Data for the task >>
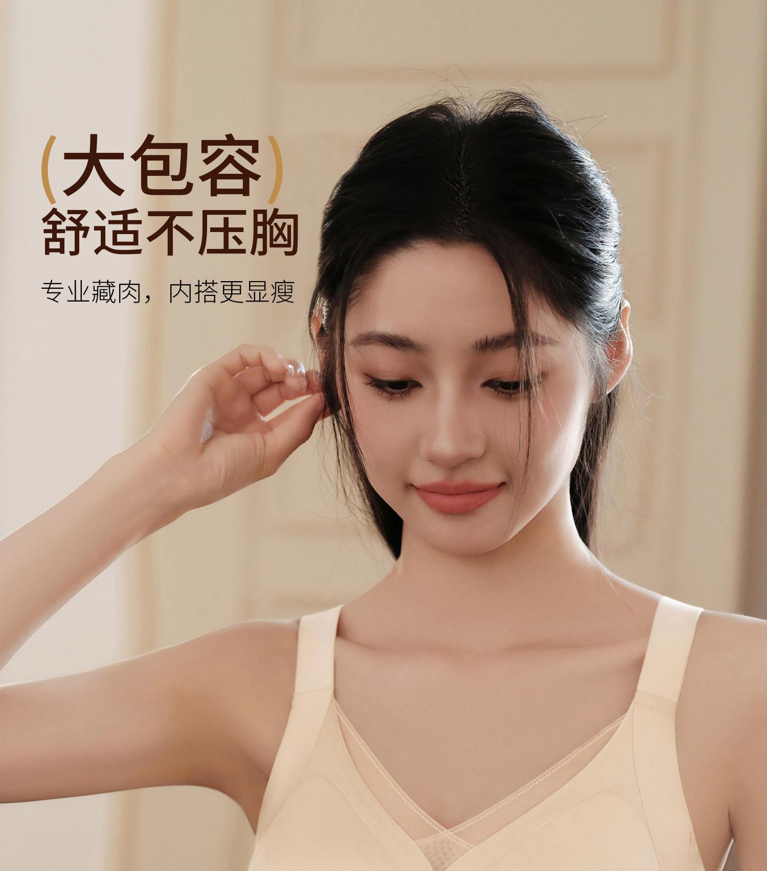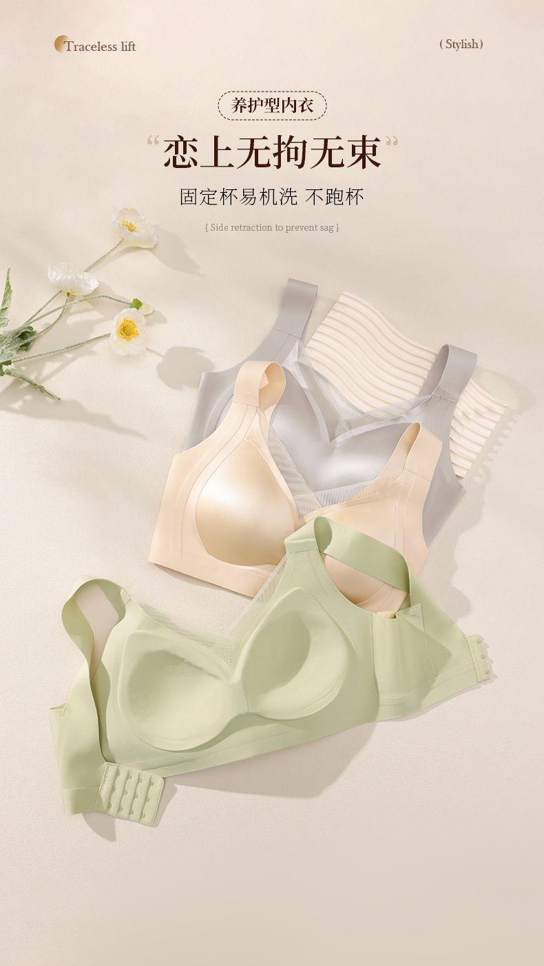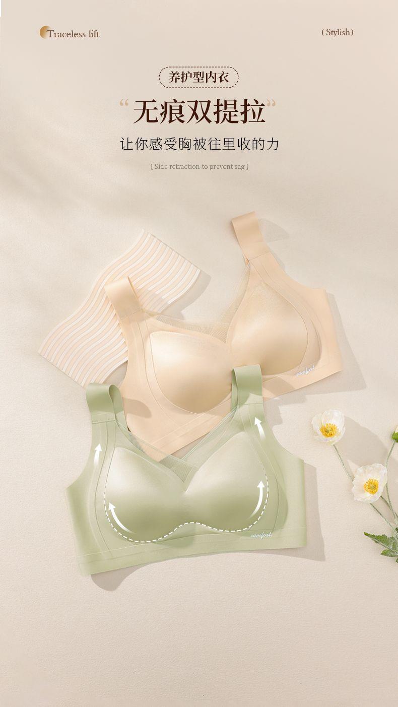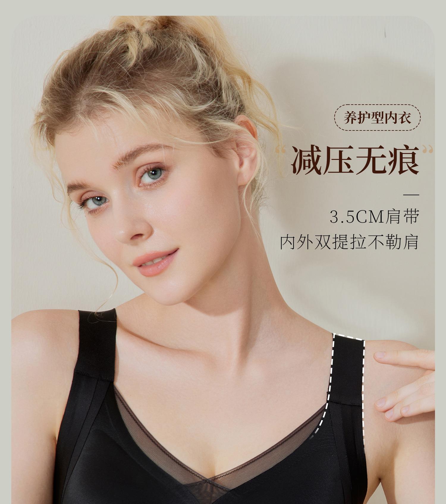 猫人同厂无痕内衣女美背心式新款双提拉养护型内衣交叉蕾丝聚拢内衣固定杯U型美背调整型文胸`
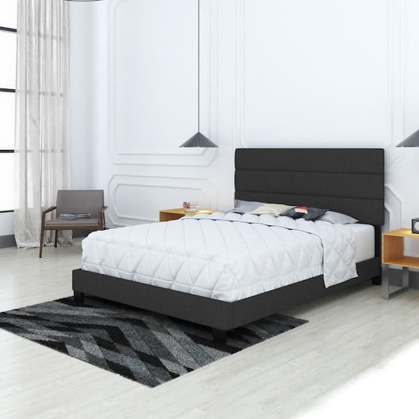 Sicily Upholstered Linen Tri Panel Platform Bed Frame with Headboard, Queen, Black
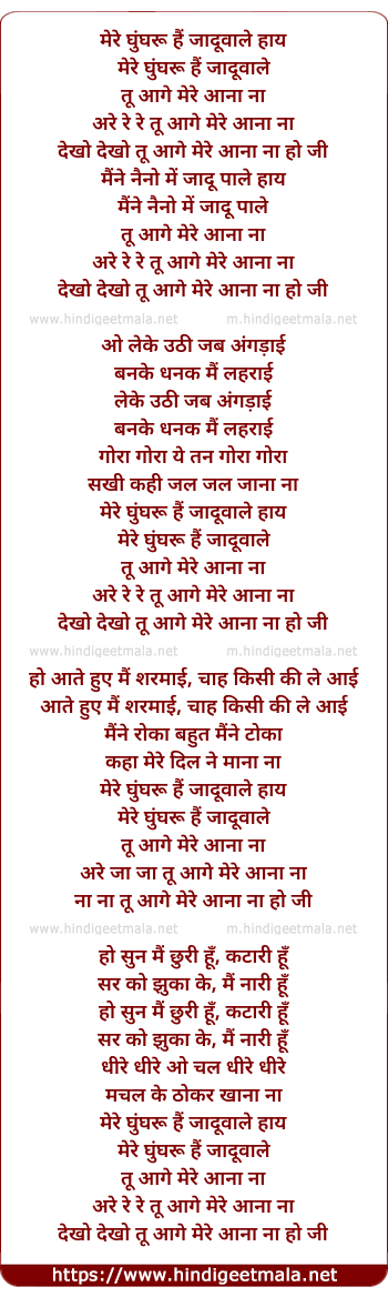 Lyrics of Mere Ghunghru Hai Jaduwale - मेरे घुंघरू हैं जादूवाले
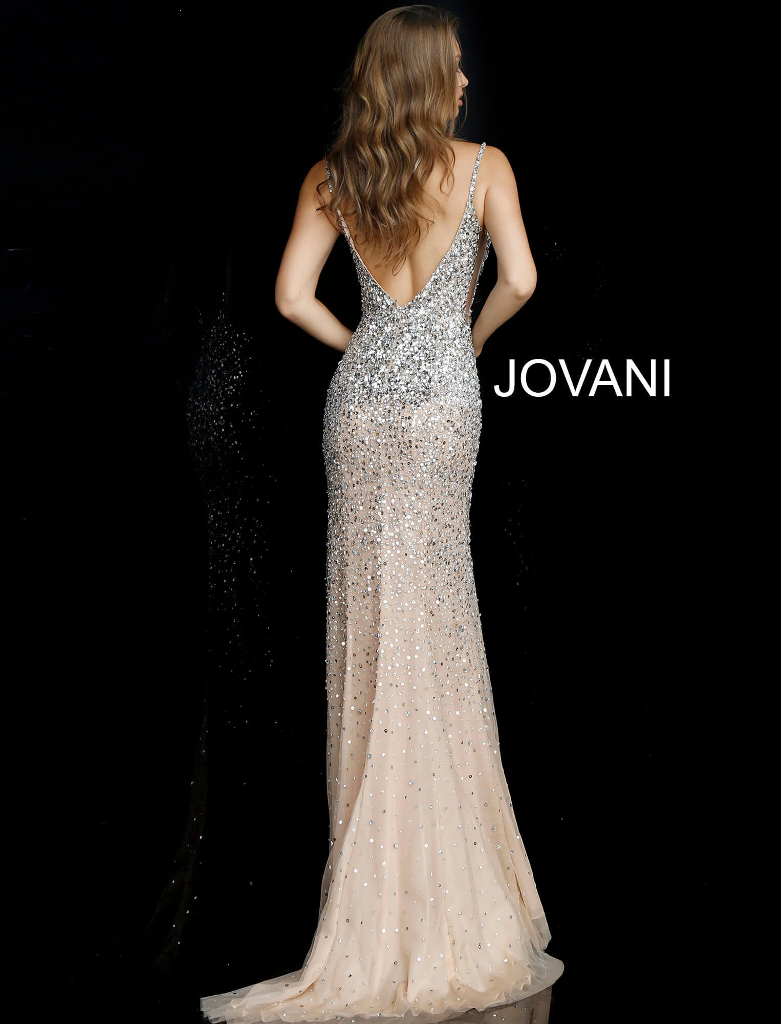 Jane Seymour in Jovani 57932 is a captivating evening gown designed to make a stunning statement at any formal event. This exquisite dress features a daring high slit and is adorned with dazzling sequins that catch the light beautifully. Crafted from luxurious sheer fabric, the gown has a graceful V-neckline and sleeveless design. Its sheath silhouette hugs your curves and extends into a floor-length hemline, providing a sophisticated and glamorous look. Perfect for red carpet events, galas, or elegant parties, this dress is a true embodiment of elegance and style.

...

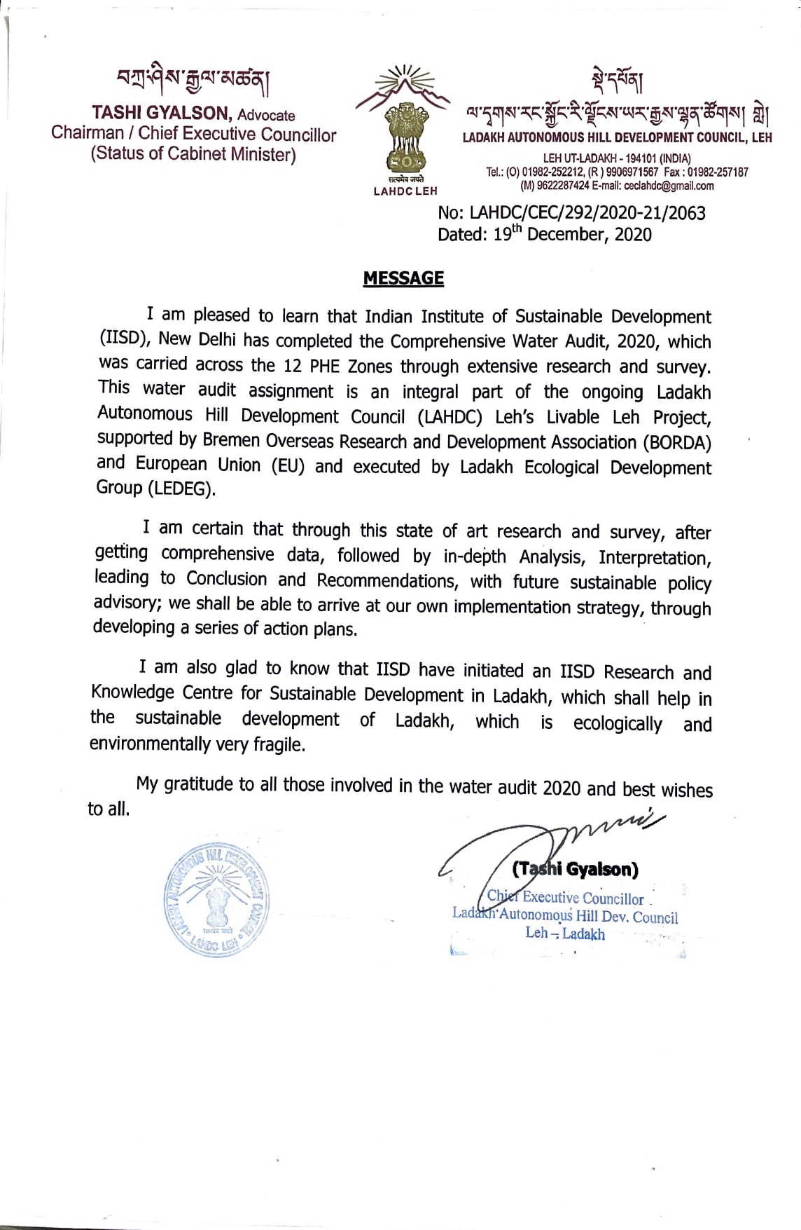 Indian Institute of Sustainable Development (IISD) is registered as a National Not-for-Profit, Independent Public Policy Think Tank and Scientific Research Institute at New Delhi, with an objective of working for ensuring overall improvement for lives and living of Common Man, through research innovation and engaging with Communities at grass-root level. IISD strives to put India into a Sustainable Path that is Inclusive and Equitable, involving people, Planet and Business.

* * *

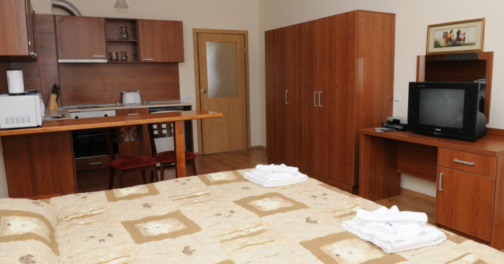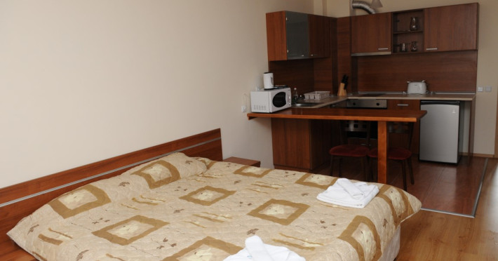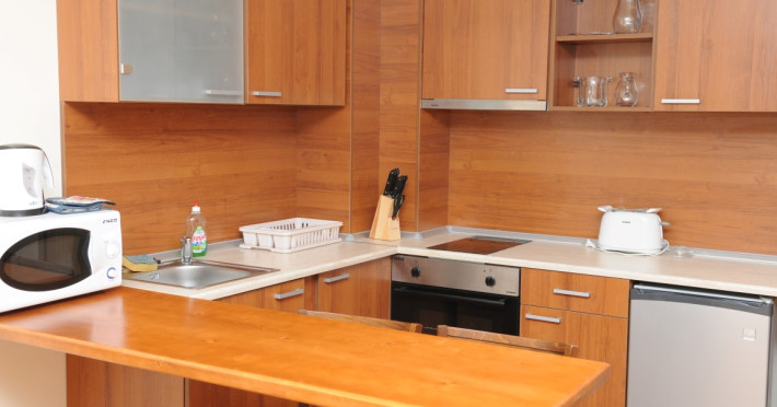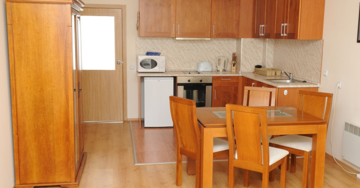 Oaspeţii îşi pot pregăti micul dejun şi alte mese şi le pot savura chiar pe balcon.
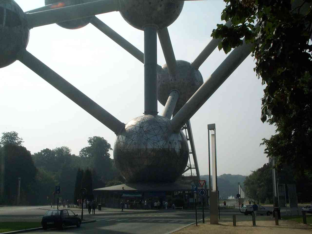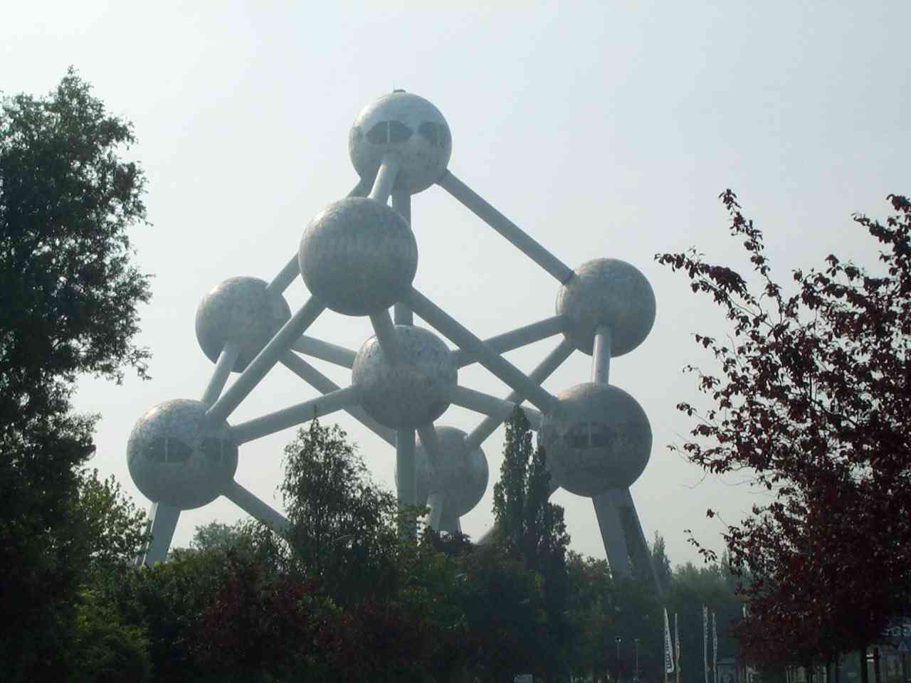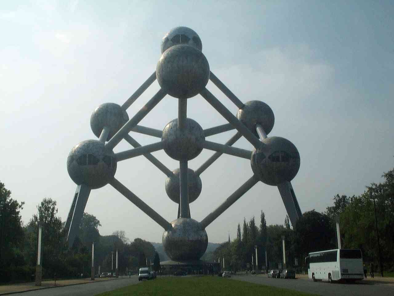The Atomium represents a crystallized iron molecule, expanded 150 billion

Problem description >> Look above for the line containing "Lyrics of Mere", then write out every line from there down to the line containing "Jane Seymour in", that line included, with no pictures.

Problem solution >>
 Lyrics of Mere Ghunghru Hai Jaduwale - मेरे घुंघरू हैं जादूवाले
 Jane Seymour in Jovani 57932 is a captivating evening gown designed to make a stunning statement at any formal event. This exquisite dress features a daring high slit and is adorned with dazzling sequins that catch the light beautifully. Crafted from luxurious sheer fabric, the gown has a graceful V-neckline and sleeveless design. Its sheath silhouette hugs your curves and extends into a floor-length hemline, providing a sophisticated and glamorous look. Perfect for red carpet events, galas, or elegant parties, this dress is a true embodiment of elegance and style.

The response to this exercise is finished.